Creating list based on pandas data frame conditions

I have a table:

Player	Team	GS
Jack	A	NaN
John	B	1
Mike	A	1
James	A	1

And would like to make 2 separate lists (TeamA & TeamB) so that they players are split by team and also filters so that the players that have a '1' in GS are only part of the list. The final lists would look like:

TeamA = Mike, James
TeamB = John

In this case, Jack was excluded from the TeamA list because he did not have a 1 value in the GS column.

Any direction would help. Thanks!

CodePudding user response：

You can use:

out = (df.loc[df['GS'].eq(1)]                  # filter rows
         .groupby('Team')['Player'].agg(list)  # aggregate as lists
         .to_dict()                            # convert to dict
      )

output:

{'A': ['Mike', 'James'], 'B': ['John']}

CodePudding user response：

Think of this as "filtering" the data based on certain conditions.

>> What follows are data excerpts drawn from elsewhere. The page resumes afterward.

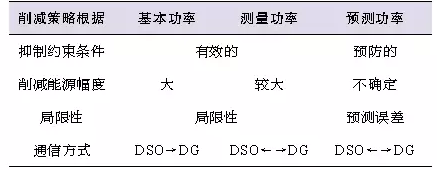 文獻(xiàn)[6]在結(jié)合文獻(xiàn)[5]研究成果的基礎(chǔ)上,描述了如何在規(guī)劃之中考慮不同的動態(tài)削減發(fā)電出力方法。不同削減策略的比較如表1所示,文中利用測量功率和短期預(yù)測功率來削減DG發(fā)電出力,證明了在簡單地削減DG發(fā)電出力的情形下,很容易保證電網(wǎng)運行的可靠性,即故障發(fā)生前就可以被修復(fù)。在分布式能源提供更多系統(tǒng)服務(wù)(如電壓平衡、無功補償?shù)龋┑膹?fù)雜主動配電系統(tǒng)區(qū)域內(nèi),則必須采用短期預(yù)測技術(shù)。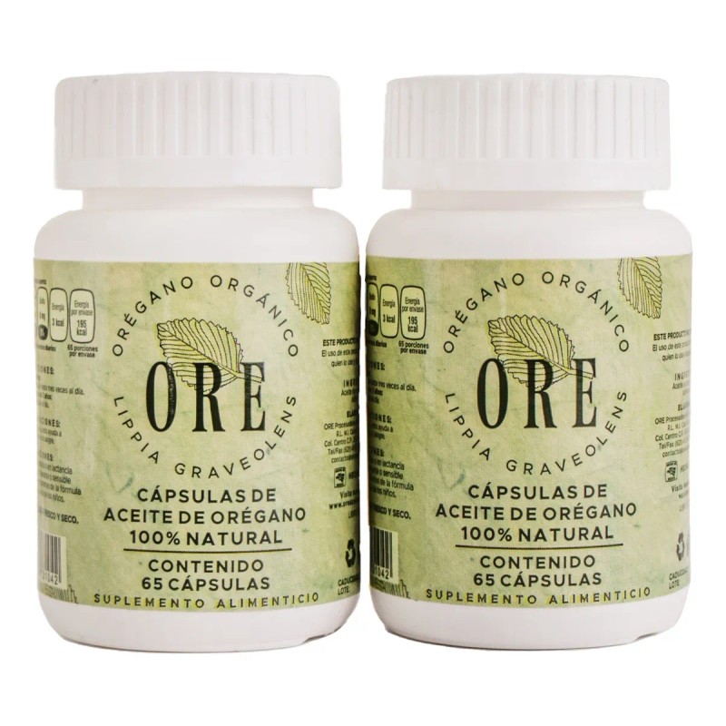 Aceite de Orégano ORE | Kit 2 Frascos con 65 Cápsulas c/u | Suplemento Natural para Defensas, Inmunidad y Salud Digestiva 🌿💊🛡️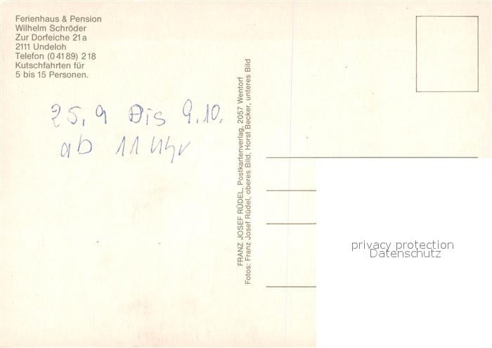 73725946 Undeloh Ferienhaus Pension Schroeder Kutschfahrten postalisch nicht gelaufen Erhaltung siehe scans [FriedD77] KatCode: 11110003353036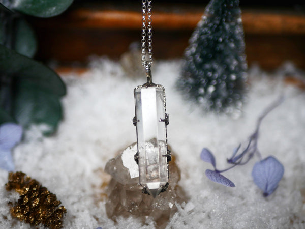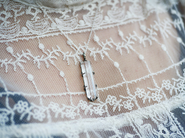 Ce collier en argent 925 est orné d'une pointe de quartz. Ce pendentif a été forgé à la main. Le collier se compose du pendentif ainsi que d'une chaine de 45 cm, elle aussi en argent 925. Le grand anneau est mobile.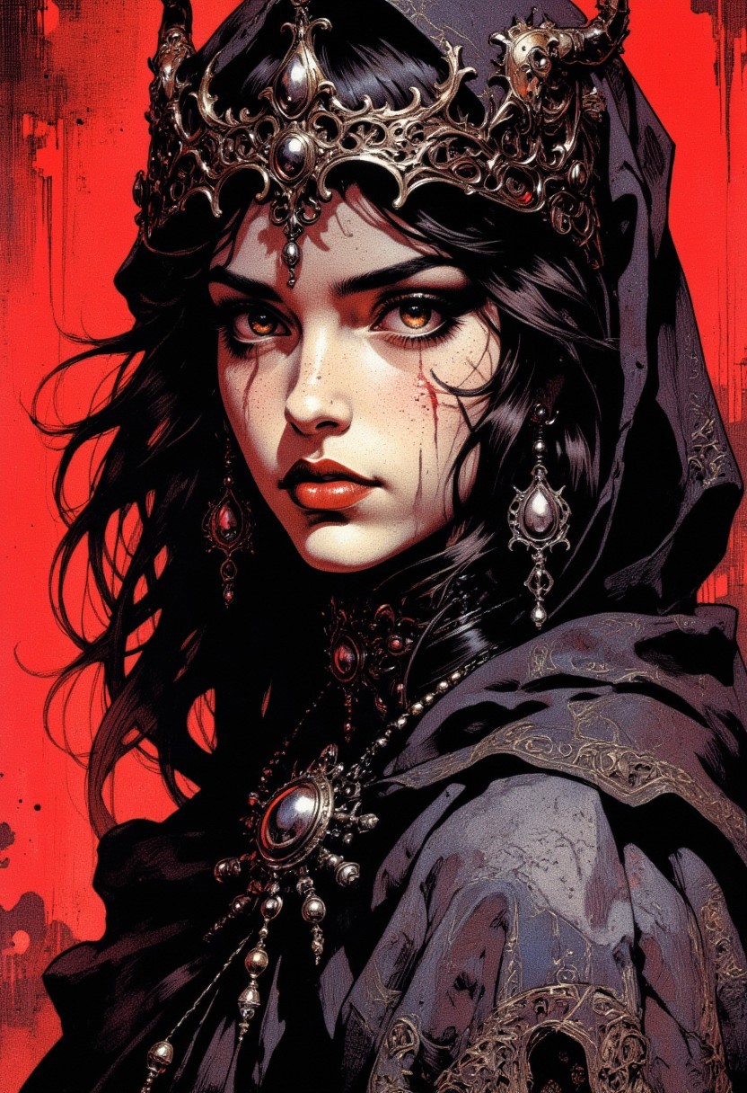 digital painting of a hauntingly beautiful woman with pale skin and dark, wavy hair in a three quarter side view close up shot. Her face is framed a dark intricately ornamented hood, creating a gothic, otherworldly appearance. She has intense, piercing eyes and a solemn expression. The background is a deep, fiery red, enhancing the dark, eerie atmosphere. The lighting is low, casting dramatic shadows that emphasize her haunting allure. The image is viewed from a slightly low angle, making her appear dominant and mysterious. The overall style is dark fantasy and retro horror art.

dataframe = pd.DataFrame(...)

# Create a mask that will be used to select team A rows
mask_team_a = dataframe['Team'] == 'A'
# Create a second mask for the GS filter
mask_gs = dataframe['GS'] == 1

# Use the .loc accessor to get the rows by combining masks with '&'
team_a_df = dataframe.loc[mask_team_a & mask_gs, :]
# You can use the same masks, but use the '~' to say 'not team A'
team_b_df = dataframe.loc[(~mask_team_a) & mask_gs, :]

team_a_list = list(team_a_df['Player'])
team_b_list = list(team_b_df['Player'])

This might be a bit verbose, but it allows for the most flexibility in the future if you need to tweak your selections.